As I recall, they were highly concerned about elementary children being bused daily on that winding, rather substandard highway between Hancock and Cyrus (which I took a million times in the Sun Tribune van). I passed by the "Landwehr Ranch" on Long Lake. Good ol' Mr. Landwehr, the old Spanish teacher at Morris High School.
I heard that elementary parents of Hancock would have to make long-distance calls to Cyrus on school matters. Hoo boy. So that ol' Space Shuttle never got off the launching pad. It exploded. All those front page articles in our paper were rendered pointless in retrospect. All those emotions fueling the discussions, emotions focused on small school life, could not carry weight.

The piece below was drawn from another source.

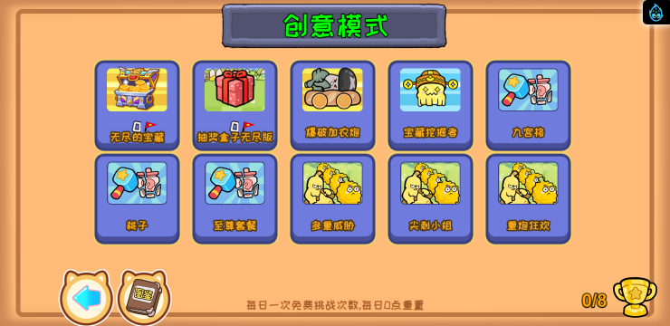 此游戏为休闲塔防类游戏,游戏中有多种游戏模式,比如挑战模式。益智、迷你、生存模式、创意模式等,你可以选择自己喜欢的游戏模式进行体验,但是不同的模式需要一定条件才能解锁,快来试试吧!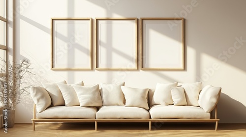 Fototapeta premium Blank poster on white wall, Modern vintage interior of living room

The Morris school in those days did have, shall we say, issues. It had self-inflicted wounds. The administration here should have been more assertive instead of shrugging shoulders about certain things. There was definitely a difference between the school culture in Morris and of the nearby small towns. I saw this vividly as I made my rounds for the Morris paper. I was drawn in to the issues through my relationship with many small town-oriented people.
The co-worker whom I mention, and her family, was a factor that I probably could have lived without. "Cyrus-Hancock Hawkeyes." Without a doubt it's catchy. Those Hancock people probably didn't want to sacrifice their "Owls" nickname just for the sake of absorbing Cyrus. And keep in mind that for a school to change nickname/mascot is more than superficial, it's an involved and expensive process.
Cyrus didn't have the traction or the numbers to be assigned a lot of political clout, IMHO. Pass through Cyrus today and try to imagine when it had political clout. It's a wonderful, safe and quiet little town for commuters and retirees. Congratulations, Cyrus. The task force is lodged away in historical archives, or should be.
Tom Brokaw would understand what it's all about: the late spasms of a small town in the "Great Plains" seeking to assert its relevance. Today Hancock continues quite autonomous. Russ Larson had a daughter who played under coach Dennis Courneya in Hancock. There's another chapter of Stevens County history that should never be put aside.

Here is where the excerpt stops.